[INFORMATION GIVEN — start]

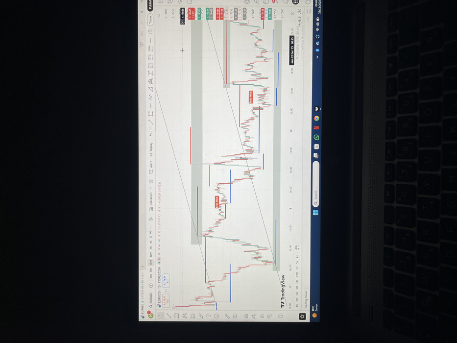 The image displays a laptop screen in Zango, Nigeria, exhibiting a financial trading chart from the TradingView platform. The chart focuses on the EURUSD currency pair, presented in a 15-minute candlestick view with green bullish and red bearish candles. Horizontal red and blue lines, along with gray shaded rectangular areas, delineate price levels and zones, while diagonal trend lines are also drawn. Specific labels such as 'Bear Wick' are present on the chart. The top left of the screen indicates 'EURUSD 1.17670 +0.46%' and displays 'SELL 1.17631' and 'BUY 1.17639'. The Windows taskbar at the bottom of the screen shows a weather icon indicating '30°C Sunny' on the left, and the date '22/12/2025' and time '06:48' on the right. The upper portion of a dark-colored laptop keyboard is visible beneath the screen, slightly out of focus. The surrounding environment appears dark, suggesting low ambient light.
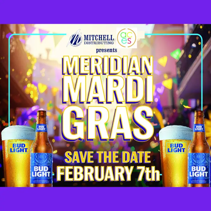Bud Light, Mitchell Distributing, and the ACES are proud to announce the 2026 Meridian Mardi Gras celebration, featuring festive parades, delicious food vendors, amazing bands, and MORE!
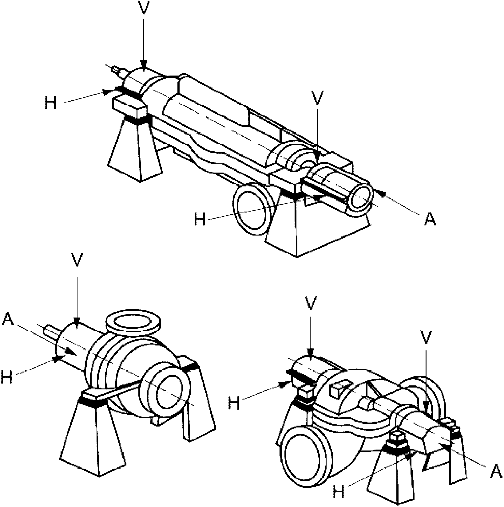 Вместо применяемой обычно пары датчиков можно использовать один датчик, если предварительно установлено, что получаемые с его помощью результаты дают достаточную информацию о вибрации насоса. Однако следует иметь в виду, что направление измерительной оси этого датчика может не позволить получить максимальное значение вибрации в данной плоскости измерений (см.
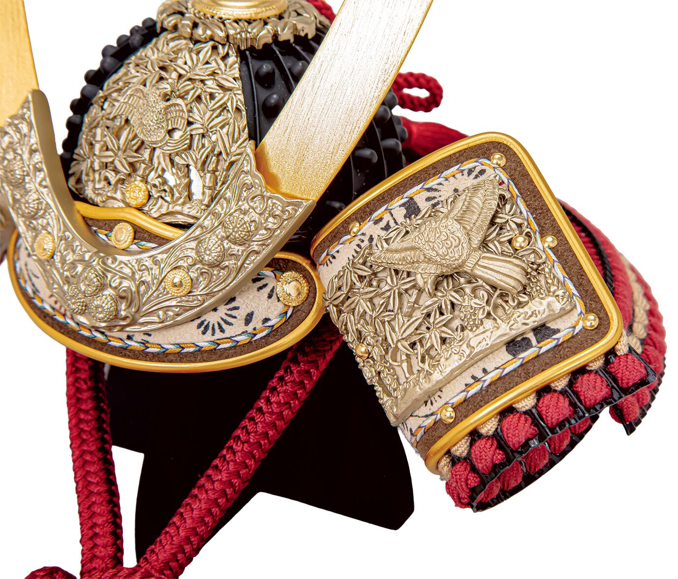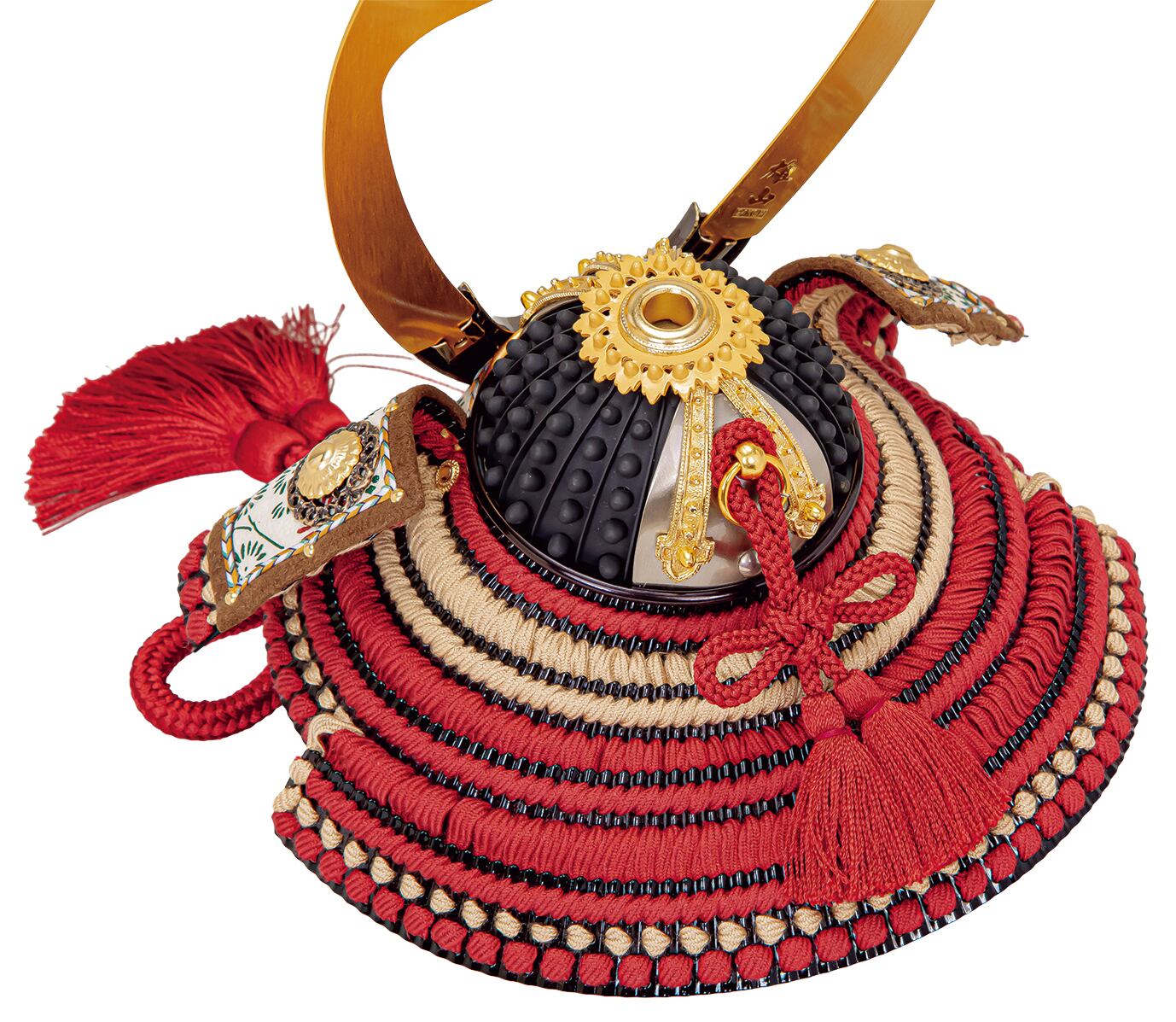 ほのかに光るまあるい灯りが綺麗な1/5真澄セットです。シャンパンゴールド色に仕上げた金物細工が魅力の兜には新色の鉄色と紅梅色の威し糸を合わせました。
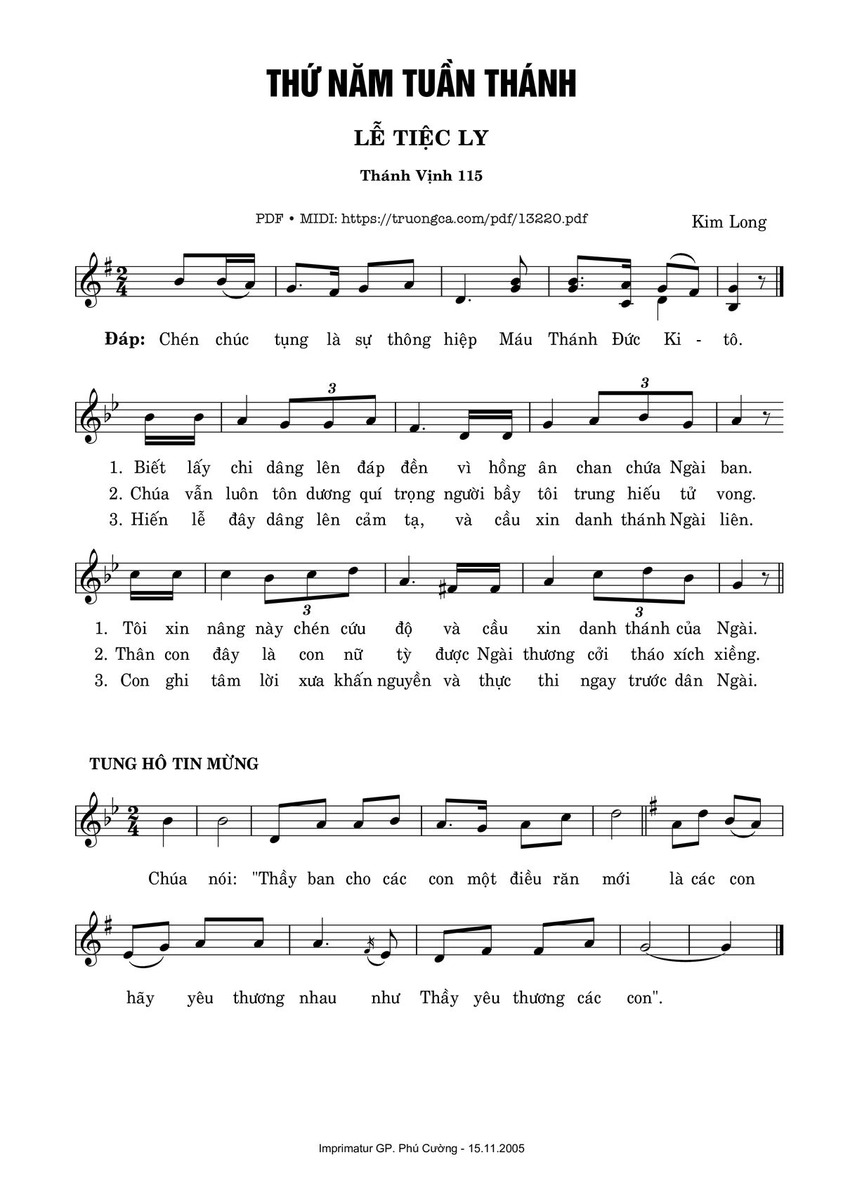 Kim Long ca Chén chúc tụng là sự thông hiệp Máu Thánh Đức Kitô [PDF] [Sheet] [Lời H.A] [Mp4/Midi]
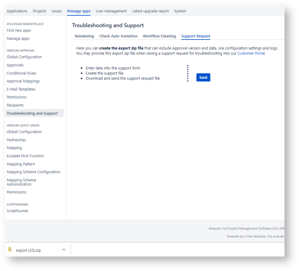 Accomplish the steps described below in order to generate the export.zip file that will allow us to investigate an issue with Herzum Approval app:
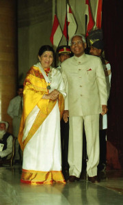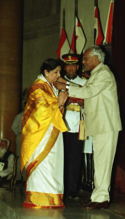 | Caption: | The President of India, Shri K R Narayanan presenting the Bharat Ratna to Lata Mangeshkar at the Darbar Hall of Rashtrapati Bhavan in New Delhi on March 21, 2001 |
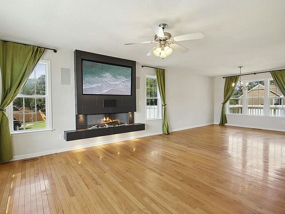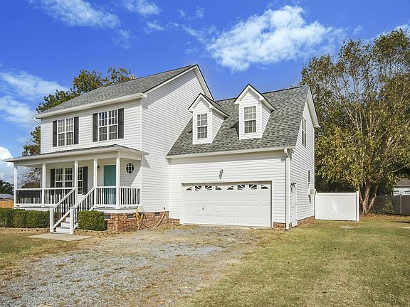 Country living meets convenience with this 3 bed/ 2.5 bath 2 story home with upstairs bonus that is tucked away on a cul-de-sac w/ a country front porch, 2 car garage and fenced yard. You are greeted at the front door with a built-in drop zone and hardwoods throughout the entire downstairs including in the updated kitchen with oversized sink and quartz countertops. Laminate upstairs in 3 bedrooms. Master has walk in closet and dual sinks. Exercise equipment is negotiable and buyer can opt to leave matts or seller will remove and put in matching flooring. New Roof 2021! Great location! 6 miles to 40/42 & 6.5 miles from 540/hwy50 interchange
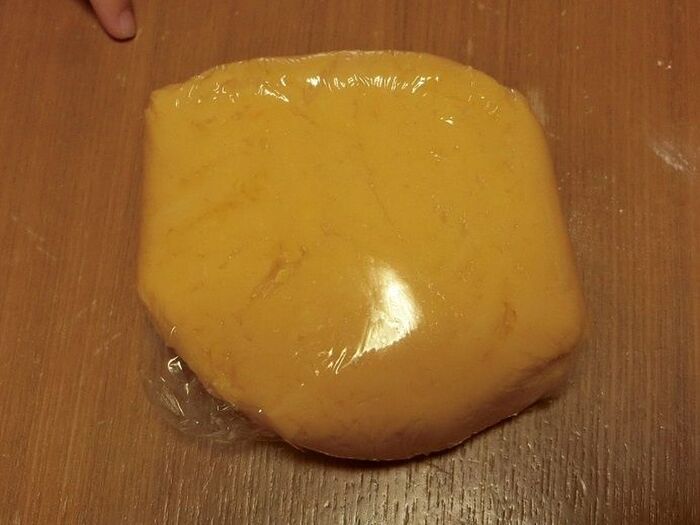 とうもろこしパウダーをまぜあわせ、ラップにくるんで冷蔵庫で30分休ませます。

[INFORMATION GIVEN — finish]

* [TASK STATEMENT]: Could all the data above be given again exactly, leaving out its images?

* [WRITTEN ANSWER]:
 The image displays a laptop screen in Zango, Nigeria, exhibiting a financial trading chart from the TradingView platform. The chart focuses on the EURUSD currency pair, presented in a 15-minute candlestick view with green bullish and red bearish candles. Horizontal red and blue lines, along with gray shaded rectangular areas, delineate price levels and zones, while diagonal trend lines are also drawn. Specific labels such as 'Bear Wick' are present on the chart. The top left of the screen indicates 'EURUSD 1.17670 +0.46%' and displays 'SELL 1.17631' and 'BUY 1.17639'. The Windows taskbar at the bottom of the screen shows a weather icon indicating '30°C Sunny' on the left, and the date '22/12/2025' and time '06:48' on the right. The upper portion of a dark-colored laptop keyboard is visible beneath the screen, slightly out of focus. The surrounding environment appears dark, suggesting low ambient light.
Bud Light, Mitchell Distributing, and the ACES are proud to announce the 2026 Meridian Mardi Gras celebration, featuring festive parades, delicious food vendors, amazing bands, and MORE!
 Вместо применяемой обычно пары датчиков можно использовать один датчик, если предварительно установлено, что получаемые с его помощью результаты дают достаточную информацию о вибрации насоса. Однако следует иметь в виду, что направление измерительной оси этого датчика может не позволить получить максимальное значение вибрации в данной плоскости измерений (см.
 ほのかに光るまあるい灯りが綺麗な1/5真澄セットです。シャンパンゴールド色に仕上げた金物細工が魅力の兜には新色の鉄色と紅梅色の威し糸を合わせました。
 Kim Long ca Chén chúc tụng là sự thông hiệp Máu Thánh Đức Kitô [PDF] [Sheet] [Lời H.A] [Mp4/Midi]
 Accomplish the steps described below in order to generate the export.zip file that will allow us to investigate an issue with Herzum Approval app:
 | Caption: | The President of India, Shri K R Narayanan presenting the Bharat Ratna to Lata Mangeshkar at the Darbar Hall of Rashtrapati Bhavan in New Delhi on March 21, 2001 |
 Country living meets convenience with this 3 bed/ 2.5 bath 2 story home with upstairs bonus that is tucked away on a cul-de-sac w/ a country front porch, 2 car garage and fenced yard. You are greeted at the front door with a built-in drop zone and hardwoods throughout the entire downstairs including in the updated kitchen with oversized sink and quartz countertops. Laminate upstairs in 3 bedrooms. Master has walk in closet and dual sinks. Exercise equipment is negotiable and buyer can opt to leave matts or seller will remove and put in matching flooring. New Roof 2021! Great location! 6 miles to 40/42 & 6.5 miles from 540/hwy50 interchange
 とうもろこしパウダーをまぜあわせ、ラップにくるんで冷蔵庫で30分休ませます。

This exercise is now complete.